#### DATA SECTION:
---------------

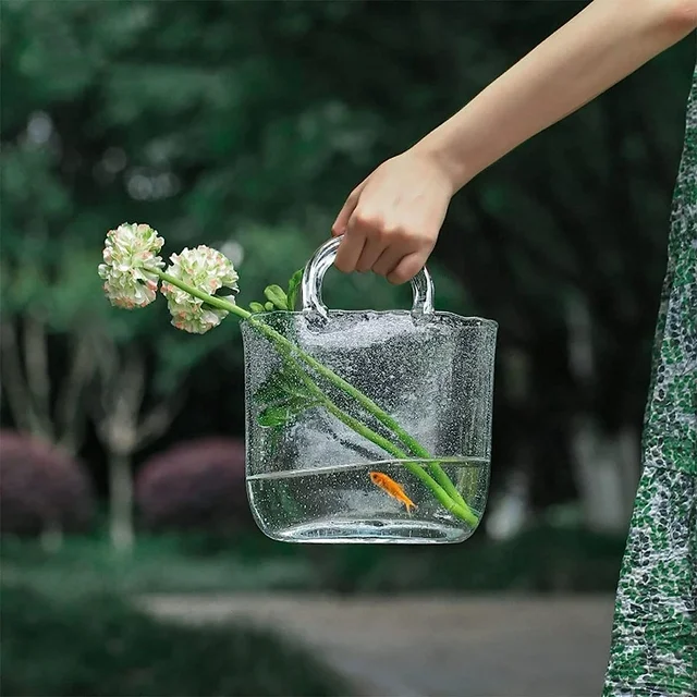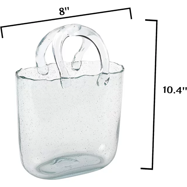 • ❥ UNIQUE DESIGN - Clear hand blown glass vase in purse shape, 10.23 ″ x 7.87 ″ x 4.33 ″, polished flat bottom for stable standing.Two handles firmly fixed to the bottle body. Small bubbles are evenly dispersed in the vase, which is a feature of the art of hand-blown glass vase. All works are hand-made by skilled craftsmen, and with their hand-made structure, no two pieces are identical.
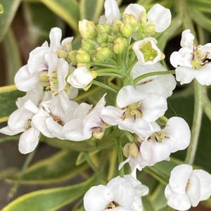 室内管理のオステオスペルマムを、いざ外に! 狭い庭、場所無し…寄せ植えかなぁ、とセンスとは無縁の寄せ植えに😹 足元を飾って貰ったのは スーパーアリッサム フロスティーナイト 今はまだバラけた花房、暖かな春の陽射しが続く様になれば… きっと、まぁるく可愛く咲いてくれる! 「旺盛、強健!栄養素スイートアリッサム」と心強い記載もあるし…ね^_^
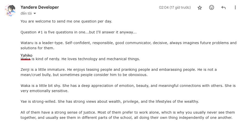According to YandereDev, Yahiko is kind of nerdy, as he loves technology and mechanical things.[2]
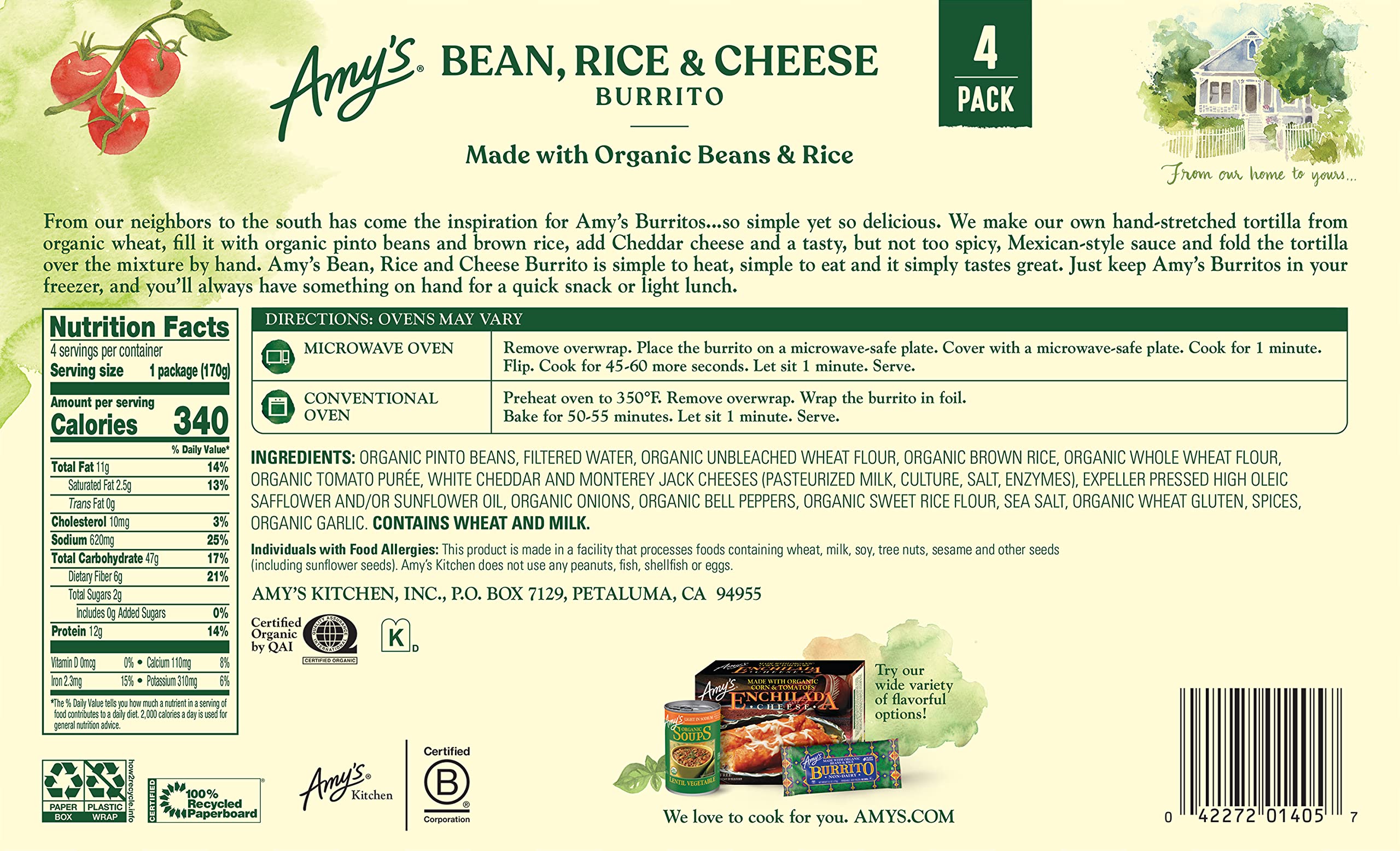 Made with organic ingredients: Amy's Burrito is made with organic beans, cheese, and rice, which means that the ingredients used to make this product are grown without synthetic pesticides and fertilizers, and are non-GMO. Quick and easy to prepare: This frozen burrito is a convenient and easy meal solution that can be prepared in just a few minutes, making it a great option for busy individuals. Good source of protein: This burrito is a good source of protein, which is an important nutrient that can help keep you feeling full and satisfied. The beans and cheese used in this product are both excellent sources of protein. Delicious and satisfying: Amy's Burrito is a flavorful and filling meal that is sure to satisfy your hunger and taste buds. With its blend of organic beans, cheese, and rice, this product offers a delicious taste and satisfying texture that you won't find in other frozen burritos.
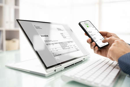 Checking E Invoice In Accounting Software On Computer

---------------

#### TASK GOAL:
Please restate the material above line by line, exactly, beginning at its first line and ending with the line that contains "狭い庭、場所無し…寄せ植えかなぁ、とセンスとは無縁の寄せ植えに😹 足元を飾って貰ったのは スーパーアリッサム", without any pictures.

#### ANSWER AREA:
 • ❥ UNIQUE DESIGN - Clear hand blown glass vase in purse shape, 10.23 ″ x 7.87 ″ x 4.33 ″, polished flat bottom for stable standing.Two handles firmly fixed to the bottle body. Small bubbles are evenly dispersed in the vase, which is a feature of the art of hand-blown glass vase. All works are hand-made by skilled craftsmen, and with their hand-made structure, no two pieces are identical.
 室内管理のオステオスペルマムを、いざ外に! 狭い庭、場所無し…寄せ植えかなぁ、とセンスとは無縁の寄せ植えに😹 足元を飾って貰ったのは スーパーアリッサム フロスティーナイト 今はまだバラけた花房、暖かな春の陽射しが続く様になれば… きっと、まぁるく可愛く咲いてくれる! 「旺盛、強健!栄養素スイートアリッサム」と心強い記載もあるし…ね^_^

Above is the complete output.